No one seemed to view this initiative as a potential threat to ARF, even though the ministers agreed to meet again in Thailand next year.
* ANEAN? One formulation still not being tried is an Association of Northeast Asian Nations, despite this being the region where some of East Asia’s most pressing challenges reside. While creating such a forum may be difficult today, all the Northeast Asian states (including the United States and Canada, if one stretches the definition) take part in ARF. Perhaps a separate breakfast meeting of these ministers could help sow the seeds for Northeast Asian cooperation. Expanding the current “Plus Three” grouping may be another way to achieve this goal — the foreign ministers of Japan, South Korea and China are expected to hold a trilateral session along ARF sidelines in Brunei.
* Shanghai Cooperation Organization. One common element in the above forums is China. Beijing has become a big believer in multilateralism, playing the lead role in the BFA and a central role in CICA, and sending its foreign minister to the ADC and a two-star general to the Shangri-La gathering. China also remains a driving force behind the SCO, which links China and Russia with four of their Central Asian neighbors (Kazakstan, Kyrgyzstan, Tajikistan, and Uzbekistan).

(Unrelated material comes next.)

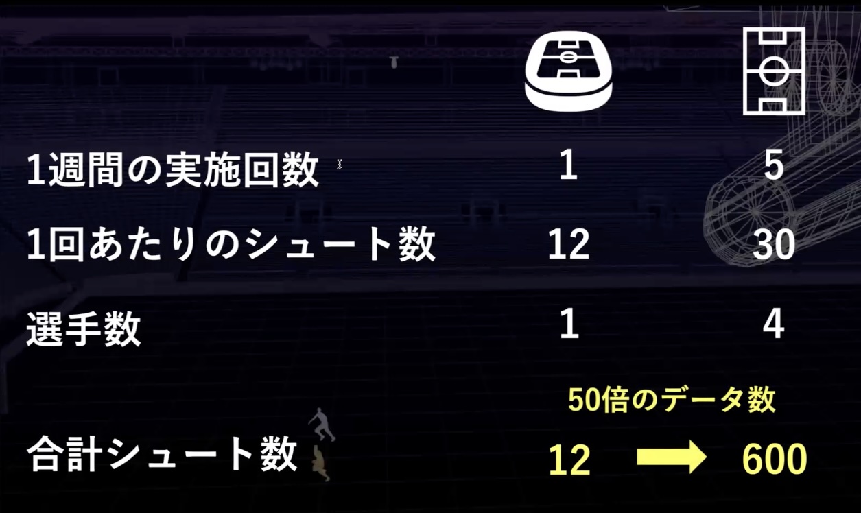 さらに実際の選手のプレー回数を考えてみると、1週間のうちほとんどの時間は練習に費やしています。ボールに触る回数やシュートの回数も練習の方が圧倒的に多く、さらに練習であればレギュラーの選手も控えの選手も同じようにプレーをすることができます。特にゴールキーパーに関しては、試合中に交代することがほとんどないので、試合で取れるデータはレギュラー選手のみのデータになってしまうという問題があります。これらを鑑みると、練習で取得できるプレーデータの量は、試合で取得できるデータ量の実に50倍ぐらいになると考えられます。

Several ministerial-level SCO meetings have already taken place this year, culminating in a Summit Meeting in St. Petersburg, Russia in June, where the six heads of state signed a charter, giving the SCO formal legal status. They also set up a joint regional antiterrorism agency.

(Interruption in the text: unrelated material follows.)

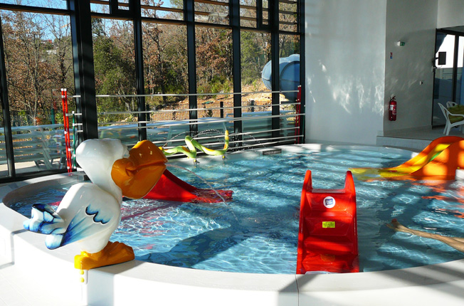 En premier lieu, il convient de se féliciter de la réalisation de cet important complexe, longtemps promis, longtemps espéré. Un magnifique outil ouvert largement au public de la zone concernée et aux scolaires. La pratique de la natation sous toutes ses formes y est évidement privilégiée. Pour cela, plusieurs bassins permettent de nager, de faire de la gym, de barboter.... Chacun a son niveau : le bon nageur dispose des six lignes d’eau du bassin de 25 x 15 mètres ; celui venu pour se détendre d’un bassin de 250 m2, d’un autre plus petit, extérieur celui-là il est accessible par un sas ; d’une pataugeoire pour les tout-petits. Les jeunes à la recherche de sensations plus fortes ont à leur disposition un toboggan de 30 mètres de long, astucieusement placé de façon à ne pas créer de nuisances sonores et dont l’aspect peu gracieux a été gommé...

To its credit, the SCO had already been focusing on antiterrorism before last Sept. 11. At that time it was also touted as a check against “unipolar tendencies,” with SCO pronouncements strongly condemning missile defense and supporting the Antiballistic Missile Treaty. While the SCO was “not aimed at any third country,” it was not too difficult to discern a growing anti-U.S. bias. Those themes are now being played down, with Putin stating that others, including the U.S., are now welcome to join the SCO.

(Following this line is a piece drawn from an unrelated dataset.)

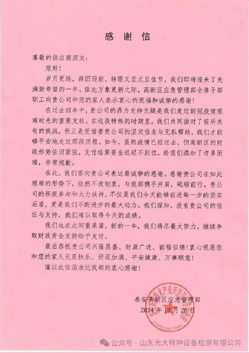 12月26日,山東光大特種設備檢測有限公司收到泰安高新區應急管理部發來的感謝信。感謝信認為,一直以來光大派駐到應急管理部的工貿企業專家,運用專業技術力量,精準查找監管盲區和潛在風險隱患,并指導企業完成整改,實現了安全隱患的動態清零,全面掃清了安全生產管理的死角。光大人認真、細致、耐心、專業的應急精神,為應急管理部的發展作出了積極努力和貢獻。感謝信對光大公司對高新區應急管理事業的大力支持表示感謝!以下為感謝信全文。

None of these new initiatives presently challenge ARF or APEC, but will hopefully put pressure on them to be more forward thinking and aggressive in addressing the region’s security and economic challenges. Senior leaders will find it difficult to attach equal priority to this ever-growing list of dialogue opportunities and will likely concentrate on those that promise to be the most productive and responsive.